President Bill Clinton provocatively began the expansion of Nato which has now reached right up to Russia’s borders. Gorbachev too innocently believed the Cold War was totally over and the US would never contemplate such a move.

On Crimea, ideally Russia should agree to a new UN-supervised referendum. But as far as I can tell, unity with Russia is widely welcomed among Crimeans, so a bit of realpolitik by the West- shelving the issue- wouldn’t go amiss.

As for the dissident Donbas enclave, it has been anti-reform, anti-Western, pro-Russian since Ukraine’s independence.

Allow it to secede and then watch. Donbas is paying a steep price for its effort to wrench itself away from Ukraine- 80% of its industrial production has fallen and coal mines, factories, the airport and other infrastructure have been badly damaged. Let economically-pressed Russia bear the burden of this, plus paying the pensions, social provisions and the water and electricity that needs to be imported from Ukraine.

Important strategic political thinkers in the US have made it clear that present Western policy towards Russia is flawed. The late George Kennan, architect of Cold War containment, warned that to expand NATO would result in “a new Cold War, probably ending in a hot one”.


Zbigniew Brzezinski, a former US presidential national security advisor, said not long before he died that Ukraine should have a policy of “non-involvement with NATO”- as Finland practices and did during all the years of the Cold War.

 Finland kept its geopolitical distance from the West while, at the same time, forging a strong democracy and close Western economic links.

Brzezinski told me that Russia is in the process of trying to regain its own national pride after the shattering of the USSR.

 He was optimistic for the future, despite the difficult problems that Ukraine posed. (I knew Brzezinski as well as any journalist. My last long interview with him can be found in Prospect magazine, London, February 2008.)

Henry Kissinger, a former Cold War warrior, now the senior emeritus American statesman, has written on a number of occasions that “the West must understand that, to Russia, Ukraine can never be just a foreign country. Russian history began with Kievan-Rus.

The Russian religion spread from there. Ukraine has been part of Russia for half a millennium. (Compare this with Scotland- it has been joined with England for only 300 years.)

The Russian Black Sea Fleet- Russia’s means of projecting power in the Mediterranean- is based in Sevastopol, Crimea (with Ukraine’s long-time agreement)”.

Kissinger has said unambiguously, “Ukraine should not join NATO”. Even such famed dissidents as Aleksandr Solzhenitsyn and Joseph Brodsky have insisted that Ukraine is an integral part of Russia.

Indeed, for 500 years it was.

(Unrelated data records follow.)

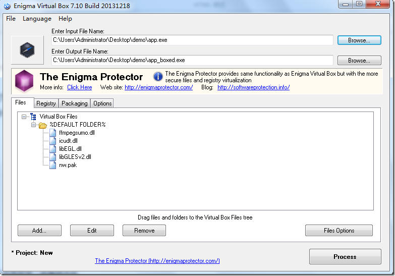 然后在Enter Input File Name那里输入我们的app.exe的路径,在Enter Output File Name那里填写我们要把打包出来的可执行文件输出到哪里。最后是把除app.exe外的其它文件拖入到Files那里,遇到提示的话默认就可以了。
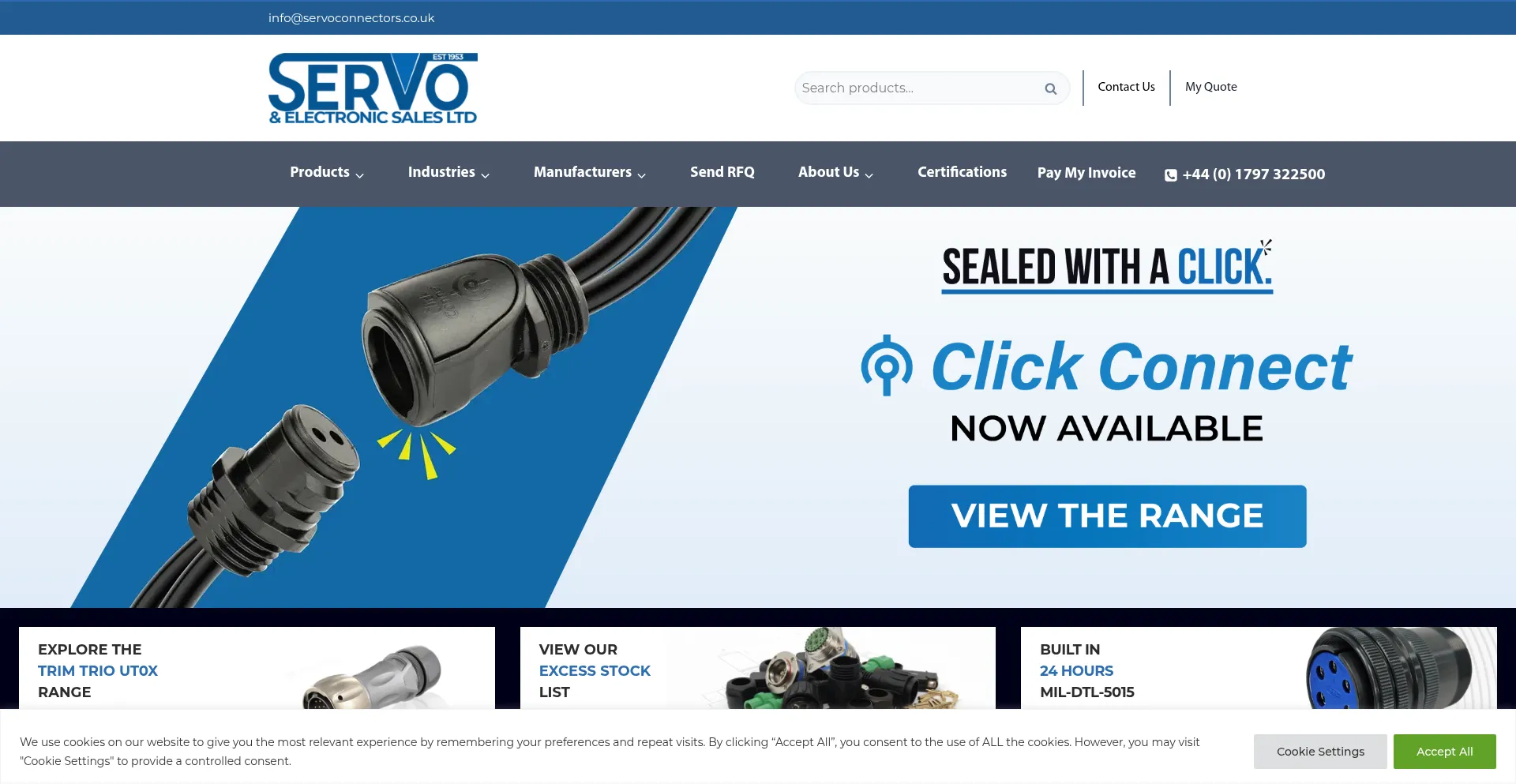 该网站实现符合GDPR或CCPA等隐私法规的cookie同意机制。这表明 servoconnectors.co.uk 遵守数据保护标准并为用户提供对个人数据收集实践的控制。
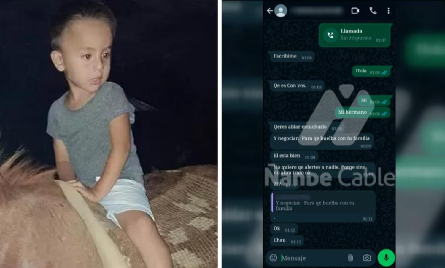 Uno de los hermanos de Loan Danilo Peña mostró un chat extorsivo que recibió desde Chaco por parte de una persona que sostuvo que estaba con el menor y que no puede hablar porque si no "no había trato".
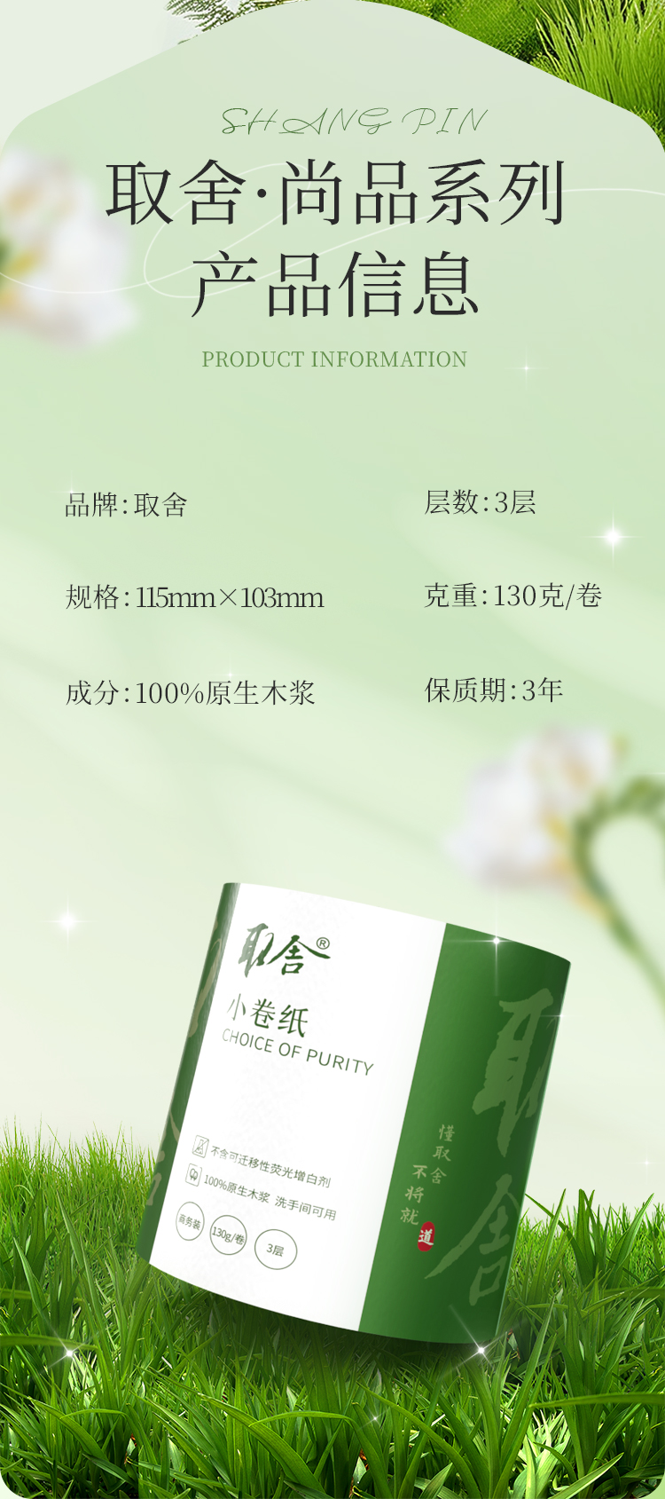 取舍木浆纸卷纸(白色)130克/卷*18卷/箱
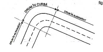 b - drum în curba: -este segmentul de drum cuprins între doua drumuri în aliniament;
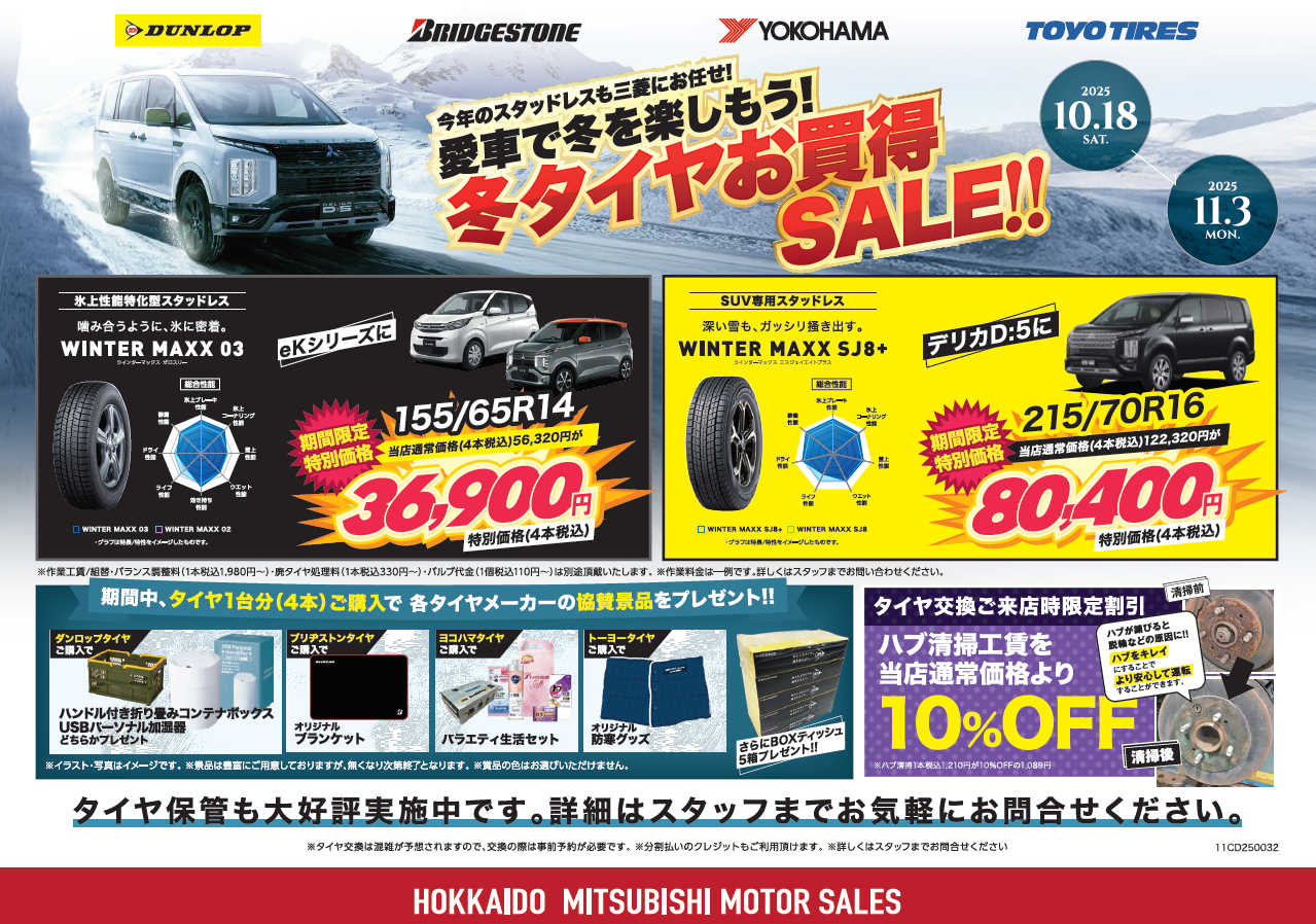 タイヤ1台分(4本)ご購入で各タイヤメーカーのノベルティをプレゼント🎁

Its life span as a modern independent nation is a mere 22 years.

How can the US dare to preach lawful international practice when it itself made an unprovoked invasion and occupation of Iraq, fought in Afghanistan for two decades, makes hundreds of lethal drone strikes across the Islamic world, made an illegal bombing campaign in Serbia, has a history that ended not long ago of supporting Third World dictators and withdraws from the jurisdiction of the World Court when it loses a case brought by Nicaragua over the mining of its harbour? Britain has fought more foreign wars than any other nation. By the standards of the UN Charter most were illegal.

Let’s be straight about Ukraine and then the pieces could well fall into place. The Russian invasion is illegal and cruel.

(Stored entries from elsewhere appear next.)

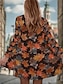 Dámské Mini šaty Šaty z polybavlněného plátna s texturou Svetrové šaty Moderní Vánoce Venkovní Denní Běžný Květinový Dlouhý rukáv Tričkový Černá Rubínově červená Šedá Podzim Zima
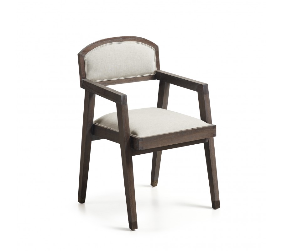 Luxusná štýlová stolička s lakťovými opierkami čalúnená z kolekcie nábytku SPARTAN je vyrobená z masívneho dreva MINDI, hnedo-modro-čierneho výrazu, podobného drevu WENGE. Štýl kolekcie odrzkadluje sedemdesiate roky. Tento nábytok v RETRO štýle dokonale zapadne do vašich domácností ale aj do reštauračných či útulných kaviarenských priestorov.
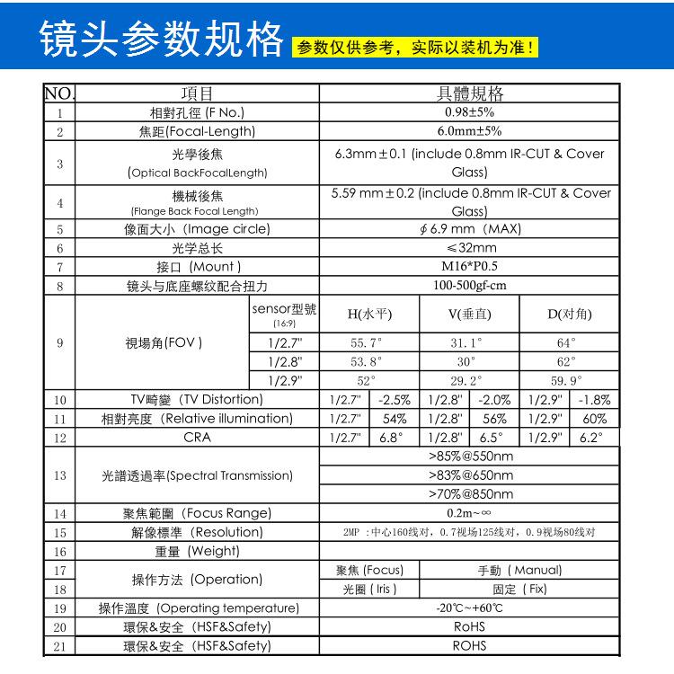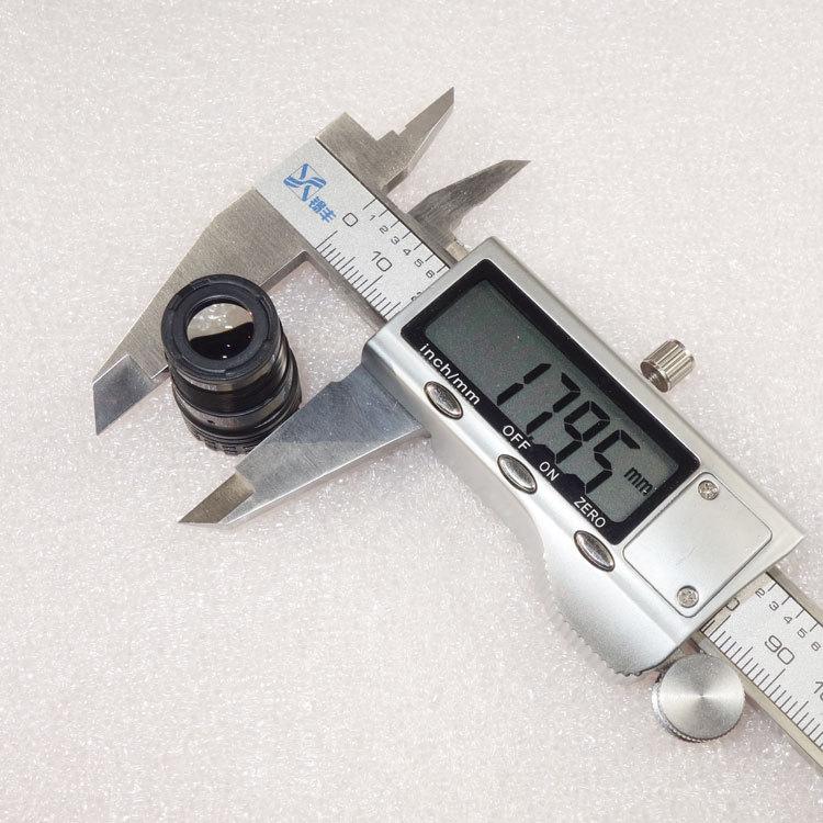 【1】La lente es frágil. No la deje caer, golpee ni presione. Manténgala alejada de objetos afilados, corrosivos, sucios, húmedos, calientes, polvorientos y otros objetos y entornos de uso. 【2】No frote ni rasque el lente con fuerza ni lo remoje en agua. 【3】Si la rosca se siente incómoda al enroscar durante el enfoque, agregue una pequeña cantidad de lubricante para evitar que la rosca se deslice. 【IV】El enfoque se puede ajustar de lejos a cerca o de cerca a lejos, y girar ligeramente en ambas direcciones para encontrar la mejor posición de imagen. Tenga cuidado de no acercarse demasiado al CCD al girarlo para evitar daños. [Cinco] Si la lente se gira a la posición más interna, se puede enfocar la vista de cerca, pero la distancia que desea no se puede enfocar, significa que el núcleo de la placa de la cámara es demasiado superficial y esta lente no es adecuada para usar. Si el objetivo no se puede enfocar incluso después de girarlo a la posición más externa, puede instalar un teleconvertidor y ajustar gradualmente el enfoque. 3. Parámetros y especificaciones Nombre: Lente de visión nocturna de alta definición de baja iluminación super estrella M16 especificación distancia focal 6mm Interfaz: M16x0.5 Longitud focal óptica: 6mm Transmisión: F0.98 Campo de visión: aproximadamente 64 grados Superficie del sensor: 1/2.7" Longitud física: 26.6mm Longitud óptica total: 32 mm
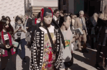 而关于春春最近的动态F君其实还停留在刚结束不久的米兰时装周,因为整个时装周最令F君印象最深刻的就是李宇春去看Gucci春夏大秀时的“中国娃娃”造型。胆子很大的照搬了秀场look搭配,总之就是很复古,很文艺,很Gucci▼
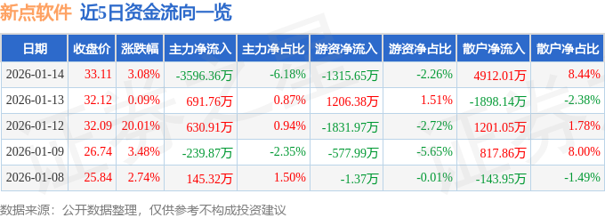 证券之星消息,截至2026年1月14日收盘,新点软件(688232)报收于33.11元,上涨3.08%,换手率5.34%,成交量17.2万手,成交额5.82亿元。
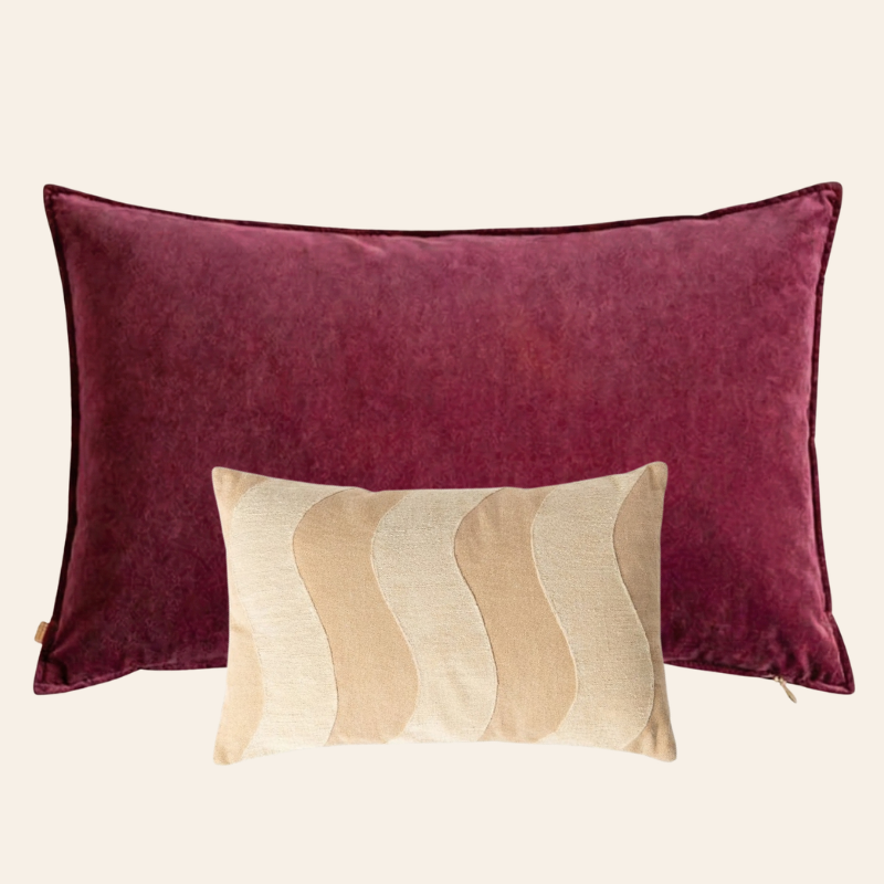 Das Claire-Set kombiniert das XL-Kissen in Magical Mauve (50 x 90 cm) mit dem 30 x 50 cm großen beigefarbenen Kissen mit vertikalem Wellenmuster und Fransen. Der tiefe Mauveton bildet eine beruhigende Basis, während das beigefarbene Kissen mit seinem Muster und seiner Struktur einen eleganten Akzent setzt.

But there is a glimmer of hope. President Zelensky of Ukraine suggested at the beginning of the war that he wanted to talk to Putin about a form of neutrality for Ukraine- but he didn’t follow through with it, partly because of UK and US pressure.

That could work. Brzezinski, I think, would have been happy to hear that suggestion. Kissinger at 99 years of age would welcome it. Zelensky should now make a sincere attempt to make Ukraine another Austria, Switzerland or Ireland- neutral.